Mar 24, 2006 04:04
I'm not really sure where to begin, I just know that I need to say a lot of things and nothing to say at the same time. Neither Kel and I are able to sleep right now and I don't really know why. Well, I do know why I can't sleep *wink wink* but I'm not going to say it here.
I seem to have this person on my mind all the time. I don't want to and I've told myself that I will not fall into that trap again, but I can't help it. I just think about him all the time. I've tried to stop thinking about him, but it only makes me think of him even more. I don't want to fall again. I don't want to hurt again. It makes no sense to say that I want no one and someone at the same time. I don't want to be in love, but I do. Sometimes, I think that love doesn't exist but there are times, that I think that maybe, just maybe one day I will wake up and next to me will be him; he will look at me and smile and I'll know that everything will be alright. We won't even have to speak a word, we will just know. I try not to think like that, honestly I do. Its just not me to be all lovey-dovey like that, but I can't help it lately. I don't think things like that. I'm cold and removed. I don't believe in love. I don't love.

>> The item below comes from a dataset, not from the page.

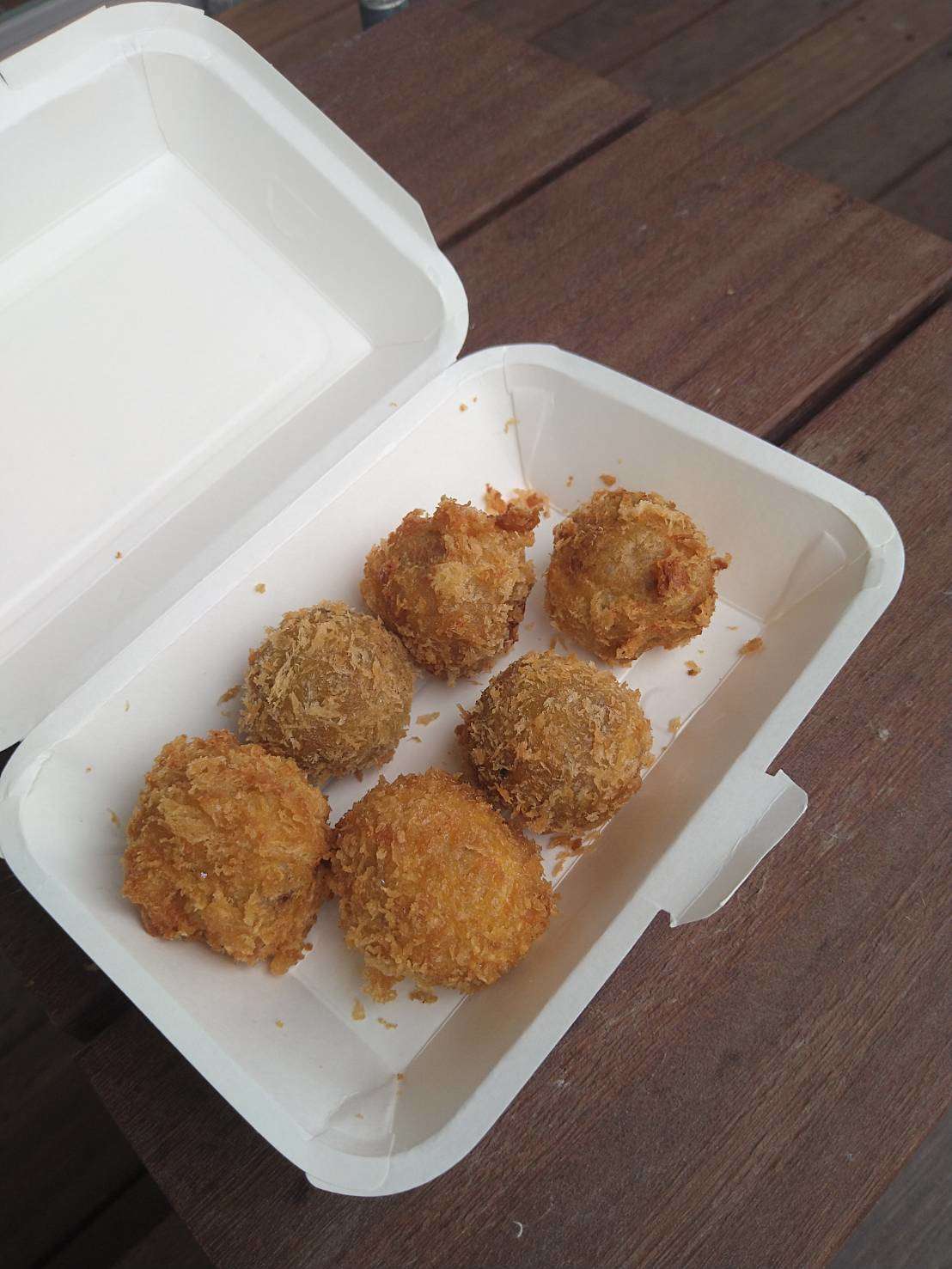 コロッケは、じゃがいも、さつまいも、メンチの3種類があり、いずれも、まん丸の形で一口サイズと可愛らしく、店内での飲食の他、1個からテイクアウトをすることができます。

Yet, at the same time, love has found me. Not from a guy, but from the girls. Kel and Ash are always there for me. They listen to me whine and complain. They listen to me when I'm down on myself and they listen to me when I'm rambling on and on during late nights like this (you know what I'm talking about Kel, lol). I know that the love that I have found with these girls is a grand love. For so many years, I cut myself off from people. I didn't want to go anywhere, do anything, be around anyone, but they have helped me through that. Yeah, I'm still unsure of myself, but slowly I am realizing that I am worth something. Of course, I still have my doubts, but I don't think that is something that will ever go away. Deep inside I know that I do not need love from a guy for validation, but now I'm beginning to wonder if its such a bad thing to open you're heart to someone and allow yourself to be loved? I guess that's an answer that I will have to find out in due time, at least I hope I can find the answer.